They descended to one of the landing-places at the foot of the Pont Notre Dame, and found the boat lying there, into which the student assisted his companion, and then, with a few strokes of his powerful arm, reached the boat-mill. There was a light in the chamber, and the instant they touched the lighter Benoit and his wife appeared with a flambeau, and broke forth into exclamations of joy at the return of Louise.
In two minutes more the party were assembled in the room, to which the reader has been already introduced. Bathilde bustled about, with her usual good-tempered activity, to place the repast on the table; and when all this was settled, she opened the door of the stove, to let its warm light stream out over the room; and they then took their places.
‘I need not make a secret of my mission, mademoiselle,’ said Philippe, when they were seated; ‘for I presume there is nothing you would wish to conceal from our friends.’
‘Because if there is, you know, Louise,’ said Benoit in continuation, ‘Bathilde and I will——’
‘Pray stop, mon ami,’ interrupted Louise; ‘what can I wish to keep from you—you, who know everything, and have been so kind to me? Well, monsieur?’ she added, looking anxiously at Philippe.
‘You know this writing,’ observed Philippe, as he handed her a small packet sealed, and bearing an address.
Louise tremblingly took the parcel and looked at the superscription. As she recognised it, she uttered a low cry of astonishment.
‘It is indeed his,’ she exclaimed, as she bowed her head down, and allowed the parcel to drop in her lap. The next minute her tears were falling quickly after one another upon it.
Bathilde took her hand kindly and pressed it as they watched her grief in silence, which Philippe Glazer was the first to break.
‘I found that in Monsieur de Sainte-Croix’s escritoire,’ he said; ‘one of the few things that Desgrais did not seize upon. I told him it was mine, for I saw what they had discovered made mischief enough, and I did not care to have it extended. It was only to-night I discovered by chance that you were with Benoit and his wife.’
Tearfully, and with hesitating hands, Louise opened the packet, and produced from its folds a document drawn up evidently in legal style, and a small note, which she handed to Philippe.
‘Read it, monsieur,’ she said; ‘I cannot. How long it is since I have seen that writing! I used to wait day after day for some message from him, to show that I was not forgotten—if it had been but one line—until my heart was sick with the vain expectation. And now it has come; and—he is dead.’

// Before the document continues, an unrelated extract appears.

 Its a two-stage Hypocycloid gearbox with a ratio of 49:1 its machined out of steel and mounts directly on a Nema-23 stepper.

The student took the note, and hastily ran his eye over it, before he communicated its contents to the little party. Bathilde and Benoit watched his face anxiously, as they saw it brighten whilst he scanned the writings; it evidently contained no bad news. ‘Joy!’ he exclaimed, as he finished it; ‘joy to all. I think I shall give up medicine and take to farming.’

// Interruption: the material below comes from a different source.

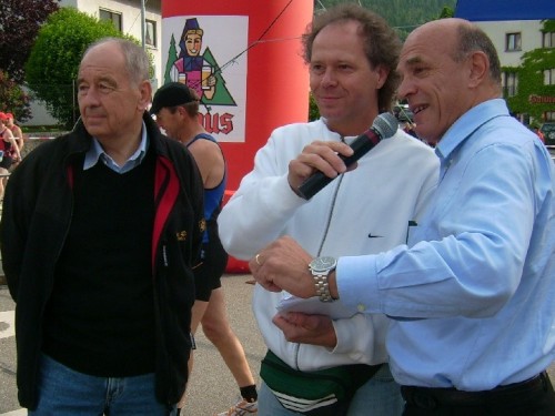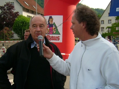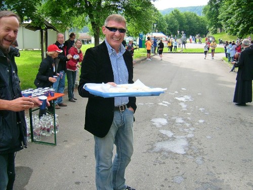 Ich komme mit einem Seniorenläufer zum Reden, es ist Dr. Peter Grinda aus Konstanz. Für ihn ist der Sport der ideale Ausgleich im Berufsleben. Er war, da auch er beim Laufen in sich hineinhört, noch nie verletzt. Er kann es nicht glauben, als ich ihm von meinem Doppeldecker erzähle. Heute will er einfach dem Motto der Veranstaltung folgen: Run & Fun. Auf gut bayerisch: Laffa und Spass ham.

‘Go on, monsieur!’ exclaimed Benoit and his wife in a breath. ‘What is it?’
‘The conveyance of a terrain on the Orbe, in Languedoc,’ continued Philippe, reading, ‘with a plantation of olives and mulberries to Louise Gauthier, to be held by her in common with whomever may have befriended her in Paris, and of which the necessary papers are in the hands of M. Macé, notary, Rue de Provence, Beziers!’
‘I knew it!’ said Benoit, as he slapped the table with a vehemence that sent some things jumping off it, after a few seconds of astonishment. ‘I knew some day fortune would turn. Continue, monsieur.’
Philippe Glazer proceeded to read the note, whilst Louise gazed at him, almost bewildered.
‘“When you receive this,”’ he went on, ‘“I shall have expiated every crime. I feel convinced that my death, come when it may, will be violent and sudden: and whatever may have been my faults, I shall have been punished for them. All I had to dispose of I have left you: in possessing it, do not forget any that have assisted you. It has been kept through every embarrassment to this end; but circumstances prevented my giving it to you in my lifetime. Beware of the Marchioness of Brinvilliers; forgive me for the misery I caused you, which has been repaid one hundredfold, and forget, if possible,
‘“Gaudin de Sainte-Croix.
‘“To be delivered into the hands of Louise Gauthier, or, failing to find her, of Benoit Mousel, at the mill-boat below the Pont Notre Dame, in trust for her.”’
‘There,’ said Philippe, as he concluded, and put the papers on the table; ‘my task is accomplished.’
‘I cannot accept it,’ said Louise after a short pause.
‘Cannot! mademoiselle,’ said the student; ‘you must. Better you take it than it fall into M. Macé’s hands for want of a claimant; and from him to a stranger, or the king, or any of his favourites.’
‘It would only be on one condition,’ continued the Languedocian. ‘That Benoit and his wife shared it with me.’
‘Pardieu! Louise; the terms are not hard,’ said Benoit: ‘and our hard work will lighten the feeling of dependence. Sacristie! a chance of seeing Languedoc again, eh, Bathilde!’
‘And a farm,’ said his wife; ‘and olives, and mulberries—perhaps chestnuts.’
‘And no more living by my wits,’ continued Benoit, ‘which are wearing away from constant use, when the mill is out of work. No more mountebanking nor singing songs, nor being pitched out of windows for so doing, instead of being paid. Oh—you will go, Louise; we will all go.’
‘And in a patache,’ said Bathilde, ‘with Jacquot to draw us: six leagues a day at least! What shall be our first stage?’
‘There is plenty of time before you to settle that point,’ said Philippe, smiling at the eager desire of Bathilde to leave Paris. Then turning to Louise, he added, ‘You can have no scruples, now, mademoiselle, about this bequest, were it only for the sake of these good people. Think that it may not be so much to benefit yourself as to render them happy. You consent?’
‘I do,’ replied Louise, after pausing a few seconds. ‘I cannot look for happiness myself—at least, on earth—but through me they may attain it. I care not how soon we quit this heartless, terrible city—never to return.’
‘We will talk of that to-morrow,’ said Benoit. ‘I think enough has taken place for this day. Ventrebleu! what a whirl my head is in: the river may rock the boat like a cradle, and the mill click all night, before it sends me to sleep. You two women get to bed, and Monsieur Glazer and myself will make ourselves comfortable here. I would not recommend him to go along the quays so late, for the city is in a troubled state to-night, and the execution has drawn all the gallows-birds abroad.’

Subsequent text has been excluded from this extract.